A popular example is cognitive psychologist Donald Hoffman who proposes an ‘Interface Theory of Perception’ (ITP). Our perceptions do not reflect objective reality but instead function as an evolutionary interface — a simplified, user-friendly representation that helps us survive and reproduce. Much like a computer desktop hides complex code behind icons, our senses present an adaptive "virtual reality" that emphasizes fitness, not truth. According to Hoffman, organisms that perceive reality accurately would be outcompeted by those that see only what they need to thrive, suggesting that what we experience is more about utility than accuracy.
I don’t resonate much with this standpoint. Although it makes sense that natural selection would not favor a truthful perception of reality, this is not the fundamental reason we can’t perceive reality as it truly is. The inaccessibility of the noumenon is principled, no matter what evolution does.

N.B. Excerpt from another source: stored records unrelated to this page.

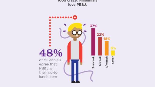 - Nearly 50% of millennials say PB&J is their go-to lunch item, with 37% eating a PB&J sandwich more than two times per week.
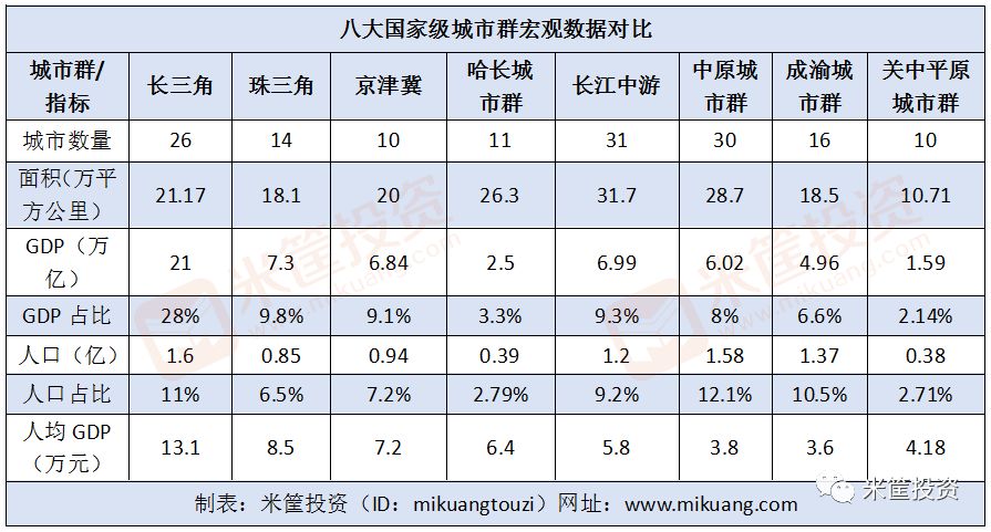 整体看,关中平原城市群是8个国家级城市群中,面积最小、人口最少、经济总量最少的城市群,与珠三角、长三角更是不在一个量级上。只有人均GDP,关中平原要高于中原城市群和成渝城市群。
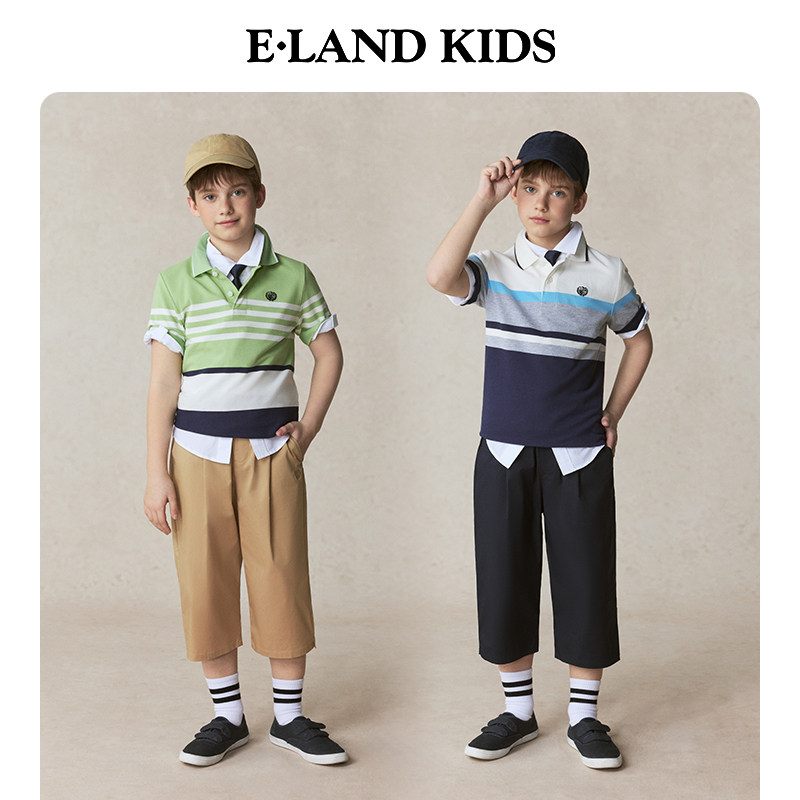 eland kids衣恋童装男童七分裤2025年夏新品徽章刺绣松紧腰休闲裤

This, especially, is important:
" Although it makes sense that natural selection would not favor a truthful perception of reality, this is not the fundamental reason we can’t perceive reality as it truly is. The inaccessibility of the noumenon is principled, no matter what evolution does."
I love that point - "the inaccessibility of the noumenon"
This is very important work. It would be good to see videos - brief ones - making this point. I'm in a coffee shop in Asheville listening to a conversation about AI, one in which there seems to be little understanding that AI is NOT akin to human intelligence.
I guess for the same reason so many fall in love with Hoffman's theory. They seem to not understand that idealism has nothing to do with natural selection.